WHEREFORE, premises considered, the petition is DENIED. The August 31, 2005 Decision and the March 6, 2006 Resolution of the Court of Appeals in CA-G.R. CV No. 72194 are AFFIRMED.

SO ORDERED.

ANTONIO EDUARDO B. NACHURA
Associate Justice

WE CONCUR:

ANTONIO T. CARPIO
Associate Justice
Chairperson

MINITA V. CHICO-NAZARIO
Associate Justice
PRESBITERO J. VELASCO, JR.
Associate Justice

ROBERTO A. ABAD*
Associate Justice

A T T E S T A T I O N

I attest that the conclusions in the above resolution were reached in consultation before the case was assigned to the writer of the opinion of the Court’s Division.

ANTONIO T. CARPIO
Associate Justice
Chairperson

C E R T I F I C A T I O N

Pursuant to Article VIII, Section 13 of the Constitution, and the Division Chairperson's Attestation, it is hereby certified that the conclusions in the above resolution were reached in consultation before the case was assigned to the writer of the opinion of the Court.

LEONARDO A. QUISUMBING
Acting Chief Justice


Footnotes

* In lieu of Associate Justice Diosdado M. Peralta per Raffle dated August 12, 2009.
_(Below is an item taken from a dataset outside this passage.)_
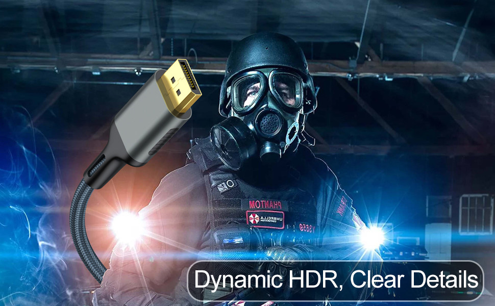 【Displayport Cable 240Hz】240Hz refresh rate let you enjoy the immersive entertainment and gaming experience. The 8K DP to DP Cable can provide higher bandwidth, HBR3 supports 32.4 Gbps of bandwidth, Maximize the performance of your graphics card and monitor. Dynamic HDR can optimize the game's dark picture and enhance the details, especially in FPS and 3A masterpieces.

1 Penned by Presiding Justice Romeo A. Brawner (now deceased), with Associate Justices Edgardo P. Cruz and Jose C. Mendoza, concurring; rollo, pp. 27-40.
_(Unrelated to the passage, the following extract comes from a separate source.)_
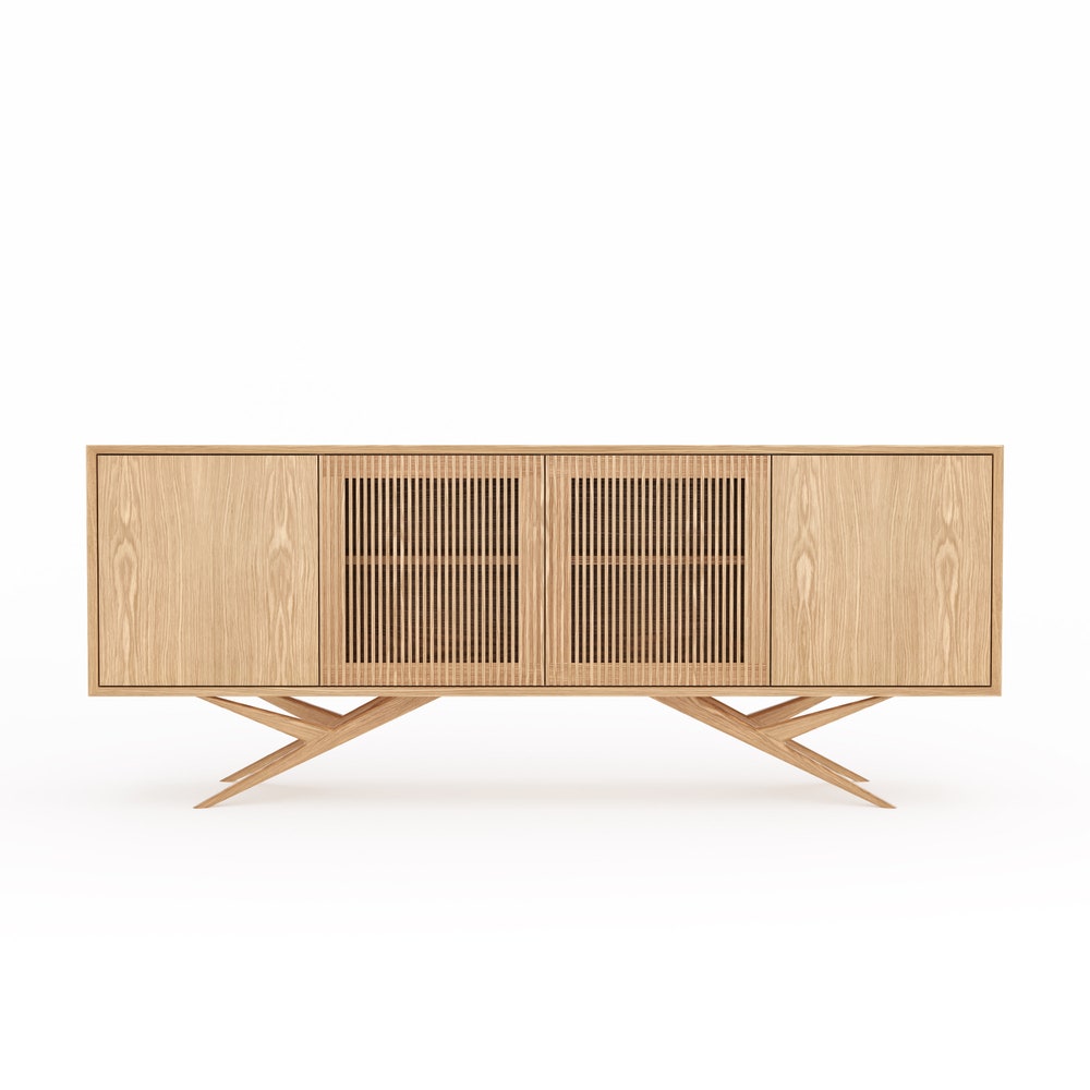 Oak long sideboard with four slatted doors and organic shape base in mid century modern style, highboard, commode, TV stand, dresser

2 Penned by Associate Justice Edgardo P. Cruz, with Associate Justices Andres B. Reyes, Jr. and Fernanda Lampas-Peralta, concurring; rollo, p. 41.

3 Rollo, pp. 42-47.

4 Id. at 48-51.

5 Id. at 52.

6 Id. at 59-62.

7 Id. at 63-69.

8 Id. at 69.

9 Supra note 1.

10 Supra note 2.

11 Rollo, pp. 13-22.

12 Id. at 49-51.

13 Riser Airconditioning Services Corporation v. Confield Construction Development Corporation, G.R. No. 143273, September 20, 2004, 438 SCRA 471, 481.
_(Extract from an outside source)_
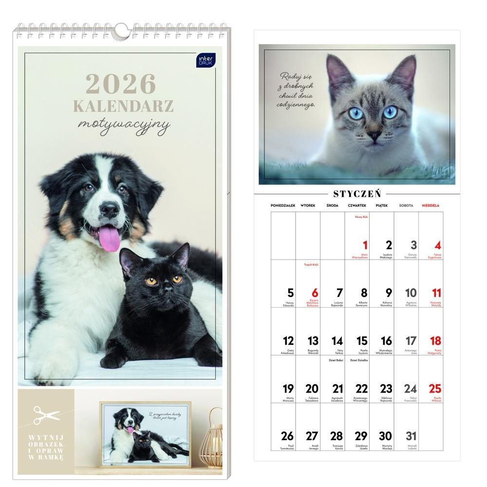 KALENDARZ 2026 MOTYWACYJNY 22X46CM ZWIERZAKI

14 Barredo v. Leaño, G.R. No. 156627, June 4, 2004, 431 SCRA 106, 113.

15 Rollo, p. 37.

16 Id. at 43.

17 Article 1431 of the Civil Code provides:

Art. 1431. Through estoppel an admission or representation is rendered conclusive upon the person making it, and cannot be denied or disproved as against the person relying thereon.

18 Rollo, pp. 65-66.

19 Article 1371 of the Civil Code provides:

Art. 1371. In order to judge the intention of the contracting parties, their contemporaneous and subsequent acts shall be principally considered.